§ Task directions: In the data below, find the line with "Projelerimizin tamamı için" and the line with "Thị trường chứng khoán Việt", then restate both and every line between them exactly, minus the pictures.

§ Material shown:
++++++++

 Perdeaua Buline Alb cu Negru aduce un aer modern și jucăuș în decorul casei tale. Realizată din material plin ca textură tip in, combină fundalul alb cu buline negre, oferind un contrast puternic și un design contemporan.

++++++++

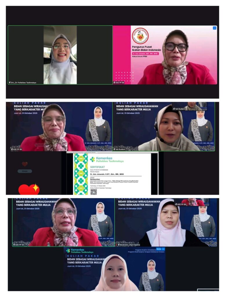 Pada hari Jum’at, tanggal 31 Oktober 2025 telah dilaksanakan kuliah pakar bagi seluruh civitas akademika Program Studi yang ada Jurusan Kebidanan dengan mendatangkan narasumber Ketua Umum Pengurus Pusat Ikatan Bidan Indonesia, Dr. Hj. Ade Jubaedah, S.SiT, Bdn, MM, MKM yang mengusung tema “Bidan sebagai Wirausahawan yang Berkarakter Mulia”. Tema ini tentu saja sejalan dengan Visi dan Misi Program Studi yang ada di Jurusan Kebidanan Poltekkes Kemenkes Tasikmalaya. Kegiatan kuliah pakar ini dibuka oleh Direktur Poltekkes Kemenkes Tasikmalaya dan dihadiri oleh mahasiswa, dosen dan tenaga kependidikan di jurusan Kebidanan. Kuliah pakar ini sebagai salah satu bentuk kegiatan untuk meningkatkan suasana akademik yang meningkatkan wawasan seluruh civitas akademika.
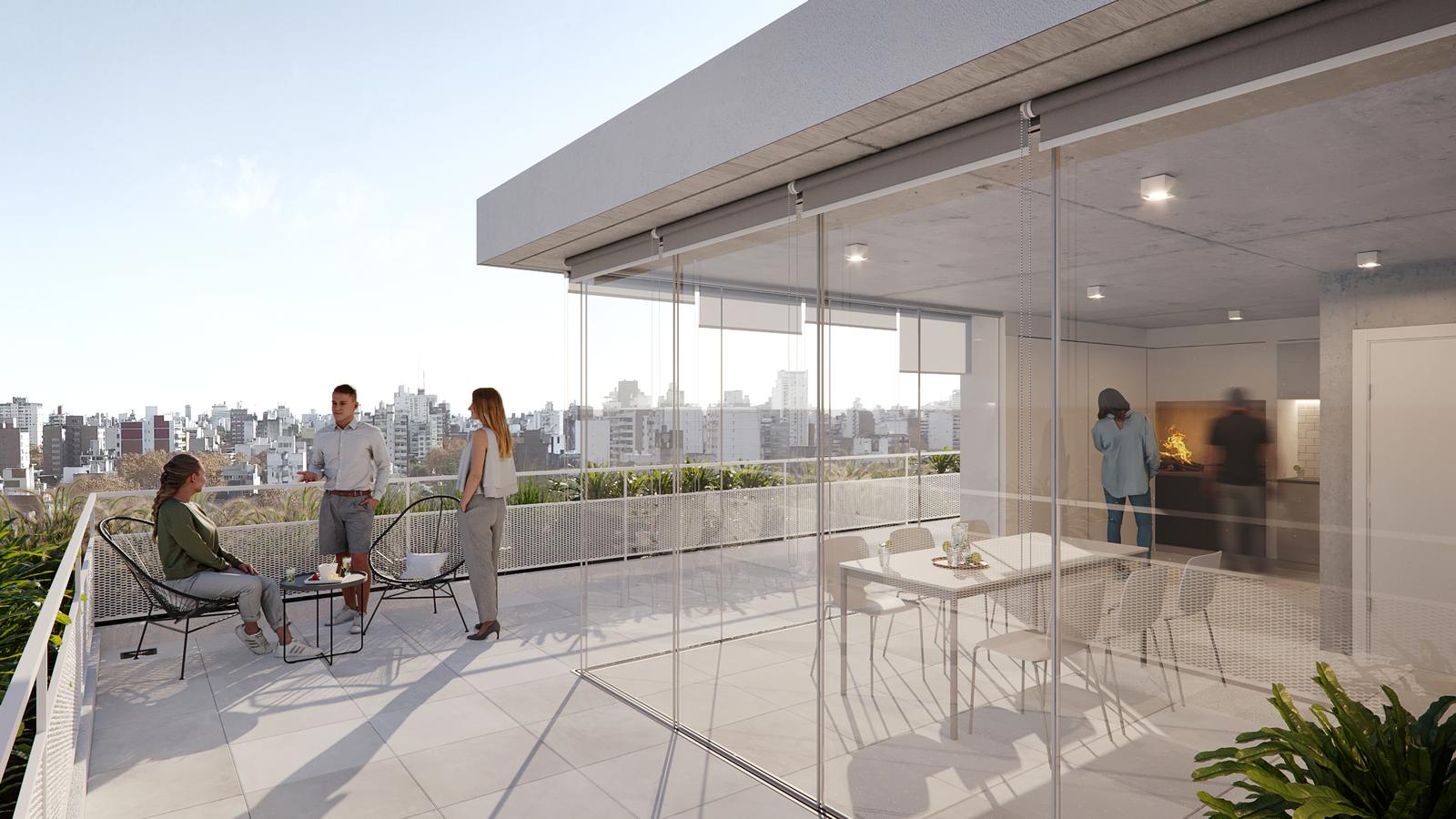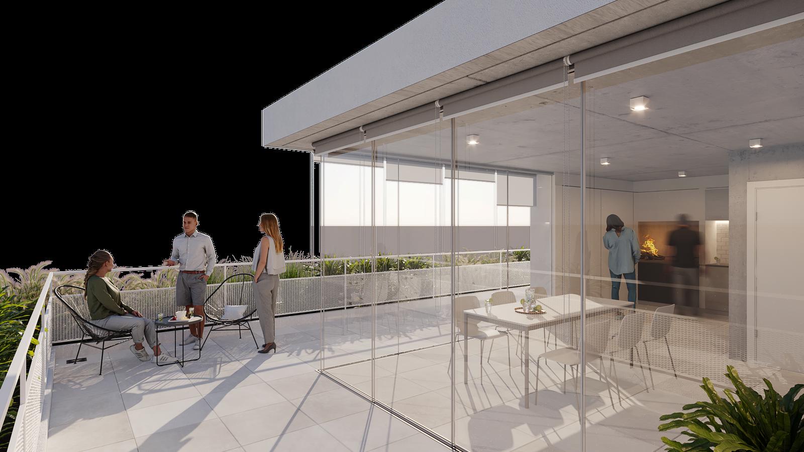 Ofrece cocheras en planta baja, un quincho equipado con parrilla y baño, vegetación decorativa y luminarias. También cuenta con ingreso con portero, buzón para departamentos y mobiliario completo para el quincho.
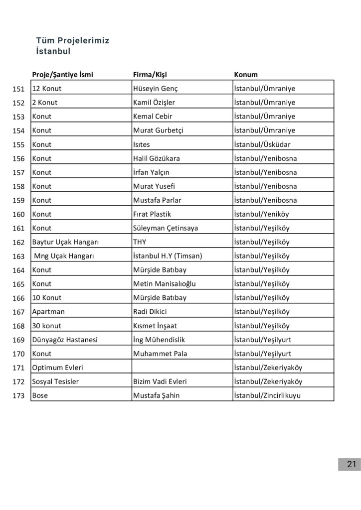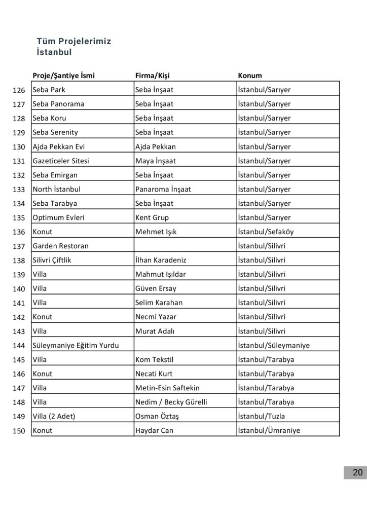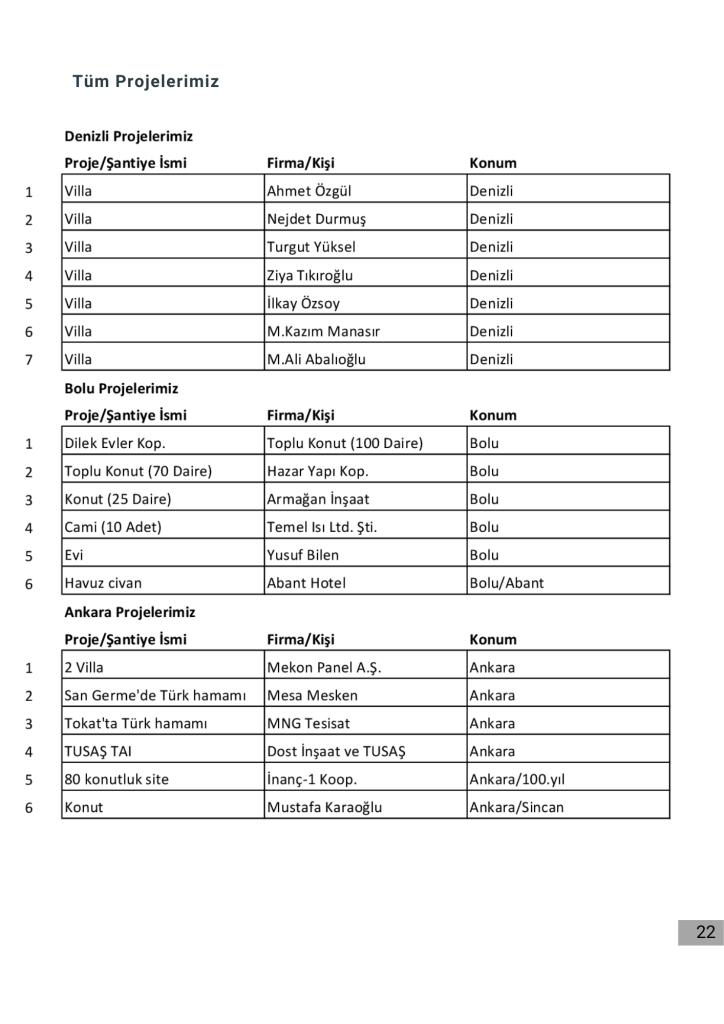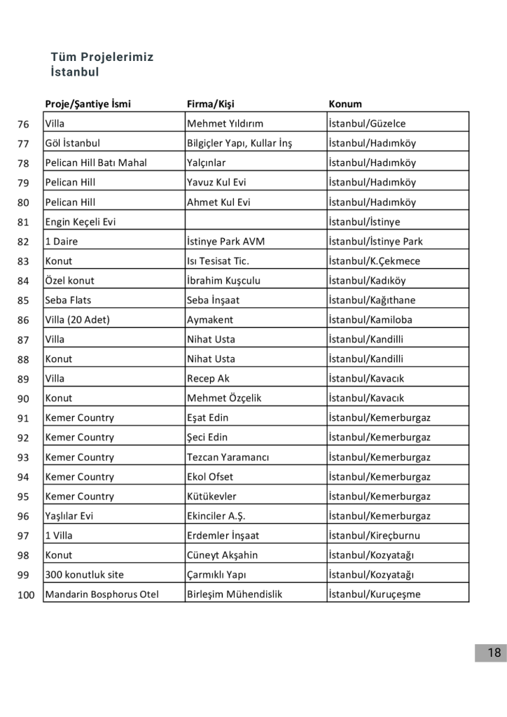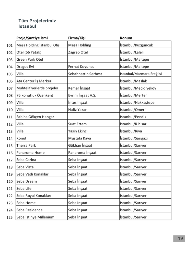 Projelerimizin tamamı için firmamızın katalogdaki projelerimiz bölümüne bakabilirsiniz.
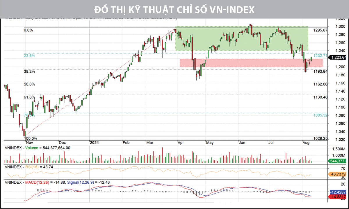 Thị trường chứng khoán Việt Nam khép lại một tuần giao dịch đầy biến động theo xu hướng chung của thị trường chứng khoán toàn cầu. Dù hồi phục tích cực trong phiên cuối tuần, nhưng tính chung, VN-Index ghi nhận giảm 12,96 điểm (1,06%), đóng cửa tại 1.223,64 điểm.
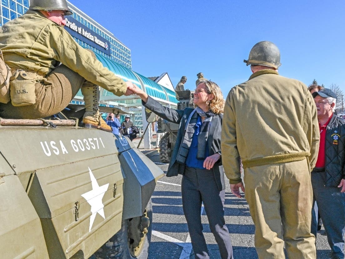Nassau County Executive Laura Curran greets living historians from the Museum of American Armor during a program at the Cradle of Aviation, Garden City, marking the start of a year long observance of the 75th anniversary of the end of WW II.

++++++++

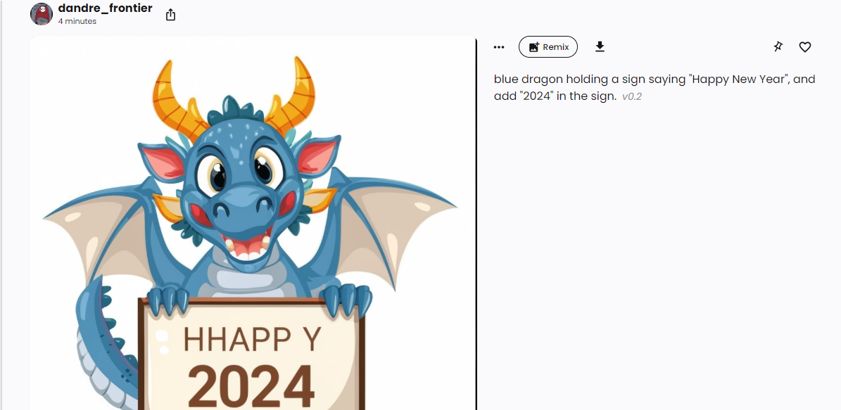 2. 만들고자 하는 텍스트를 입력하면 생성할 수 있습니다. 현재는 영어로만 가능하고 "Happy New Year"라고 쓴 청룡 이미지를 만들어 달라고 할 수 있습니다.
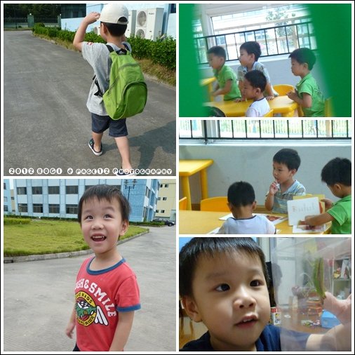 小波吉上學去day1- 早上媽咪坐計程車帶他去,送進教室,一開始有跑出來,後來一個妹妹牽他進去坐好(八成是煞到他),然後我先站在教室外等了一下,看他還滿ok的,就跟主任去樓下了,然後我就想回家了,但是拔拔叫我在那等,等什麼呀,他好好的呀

++++++++

§ Written response:
 Projelerimizin tamamı için firmamızın katalogdaki projelerimiz bölümüne bakabilirsiniz.
 Thị trường chứng khoán Việt Nam khép lại một tuần giao dịch đầy biến động theo xu hướng chung của thị trường chứng khoán toàn cầu. Dù hồi phục tích cực trong phiên cuối tuần, nhưng tính chung, VN-Index ghi nhận giảm 12,96 điểm (1,06%), đóng cửa tại 1.223,64 điểm.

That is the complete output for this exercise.